Поборов первое оцепенение, пожарные бросились к берегу. Полковник Липинский, исполняющий обязанности начальника штаба и присутствовавший на пожаре в Глазково, отдал аналогичный приказ военным. В спешном порядке все погрузились на самолет. Солдаты поручика Фотенгауэра на паром не влезли, их усадили в баркас и прицепили к самолету. Однако на середине реки трос самым неожиданным образом лопнул, и нижних чинов на совершенно не управляемом суденышке (в баркас никто не догадался положить хотя бы пару весел) понесло вниз по течению. Ценою неимоверных усилий пассажирам баркаса удалось пристать к берегу значительно ниже Иркутска, и они прибежали на пожар, когда полыхал уже весь центр города.
Вряд ли вся эта цепочка событий, происшедших в Иркутске 22 июня с четырех до шести часов пополудни, явилась трагическим совпадением случайностей. Совершенно очевидно, что один или несколько человек разработали план поджога Иркутска и сделали все возможное, чтобы план успешно осуществился.
Сначала была подожжена дача купца Черных, расположенная в Глазково.

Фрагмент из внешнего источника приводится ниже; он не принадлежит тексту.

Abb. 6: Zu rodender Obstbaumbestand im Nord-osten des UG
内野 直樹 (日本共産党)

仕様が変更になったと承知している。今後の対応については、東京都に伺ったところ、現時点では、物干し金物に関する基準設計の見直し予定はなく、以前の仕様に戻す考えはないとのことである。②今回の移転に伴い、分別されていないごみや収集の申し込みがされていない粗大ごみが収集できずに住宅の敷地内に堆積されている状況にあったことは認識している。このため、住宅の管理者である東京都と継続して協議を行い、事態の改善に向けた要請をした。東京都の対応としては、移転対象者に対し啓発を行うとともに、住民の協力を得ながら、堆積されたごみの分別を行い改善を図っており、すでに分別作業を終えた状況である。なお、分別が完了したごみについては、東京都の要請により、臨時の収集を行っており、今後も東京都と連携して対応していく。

В поджоге здесь никто не сомневался, поскольку дача стояла пустая и сам по себе огонь здесь возникнуть не мог.
Затем, когда пожарные едва ли не в полном составе переправились на левый берег, вспыхнула опять же необитаемая постройка в усадьбе Ушакова. И в этом случае поджог был очевиден. Однако здесь официальное расследование не дало окончательного ответа о причинах возгорания.

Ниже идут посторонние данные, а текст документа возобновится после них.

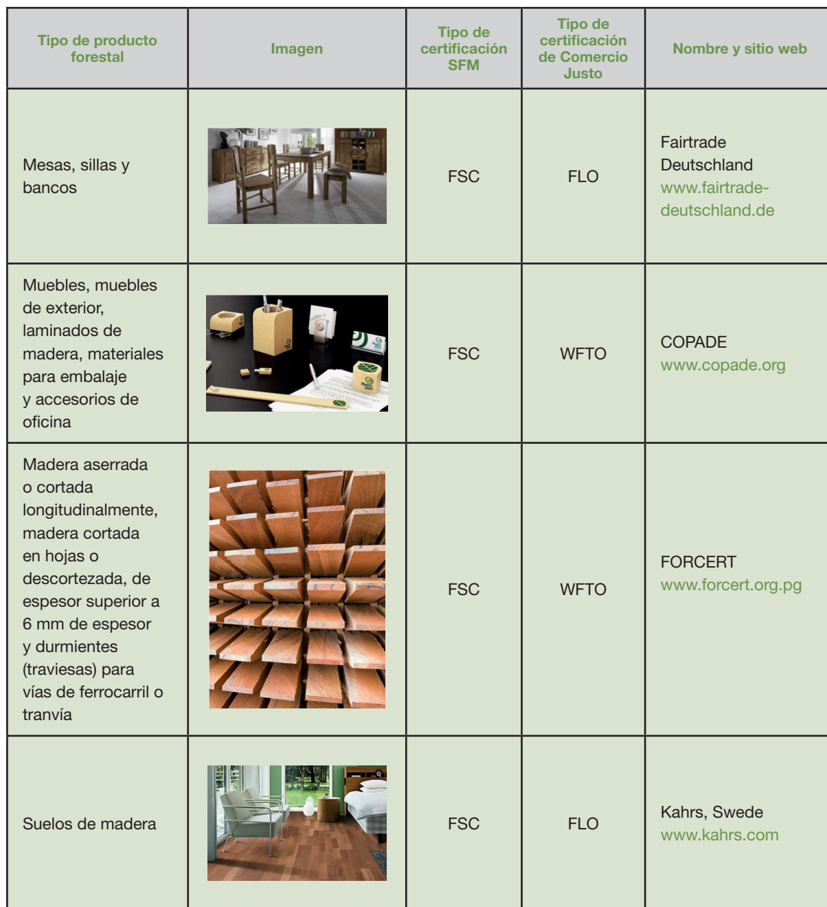
Tabla 3: Ejemplo de productos de madera obtenidos tanto de fuentes gestionadas sosteniblemente como de Comercio Justo

Para ver estudios de casos detallados sobre fuentes sostenibles y de Comercio Justo consultar la guía de Madera Justa en Acción para comunidades forestales 3 .

И наконец, баркас с солдатами оторвался от самолета, и пожарные остались без столь необходимой помощи. Этому инциденту в то время никто так и не дал должной оценки, однако есть свидетельства того, что на злополучном канате были видны следы топора.

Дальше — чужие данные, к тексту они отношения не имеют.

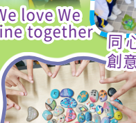
信心的石頭可以戰勝心中的巨人
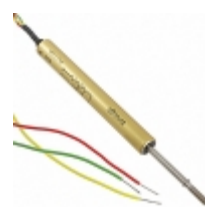
RE38L2C502 Vishay Spectrol POT 5000 OHM WW
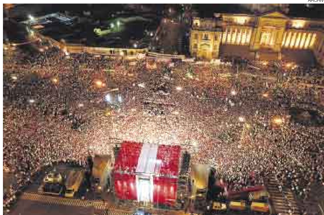
LOS MILLONES DE LA POLÍTICA. Solo 18 agrupaciones presentaron su información financiera del 2006, tal como lo ordena la Ley de Partidos Políticos. Ellas reportaron gastos de campañas superiores a S/.24 millones.
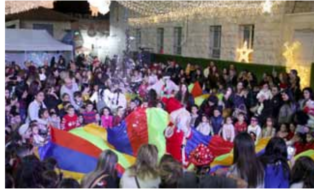
فعاليات للأطفال في كريسماس ماركت 2019
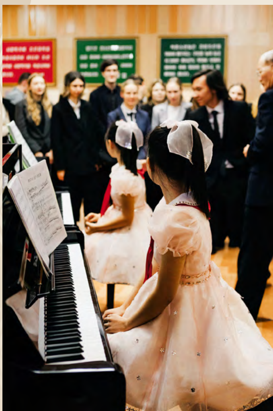
Мангедэнский дворец школьников
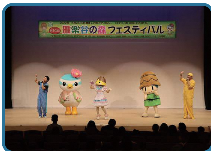
●うたやの森フェスティバル

Битва за архиерейский двор
Мы еще поговорим о том, что за люди появились в 1879 году в Иркутске и зачем эти люди с маниакальным упорством поджигали город. А сейчас проследим за тем, как развивались события 22 июня. К моменту, когда основной пожарный обоз возвратился на правый берег, пылало уже несколько центральных кварталов. Огонь переходил на Грамматинскую улицу. Ветер беспрестанно менял направление с северо-западного на юго-западный. Сориентироваться в этом огненном хаосе и толково выставить оборону было крайне сложно. Лошади второй пожарной части, долгое время беспорядочно сдерживающей распространение огня, были до крайности измучены и напуганы. Не лучше выглядели лошади первой и третьей пожарной частей, только что вернувшихся с Глазково. В придачу к этому подвоз воды был крайне затруднен из-за полной неразберихи на улицах. Исполняющий обязанности полицмейстера Филипович, вовремя осознав, что бороться с огнем невозможно, отдал приказ о разборке зданий, смежных с горящими кварталами, дабы затруднить огню дальнейшее продвижение по улицам. В месту пожара были призваны все рабочие.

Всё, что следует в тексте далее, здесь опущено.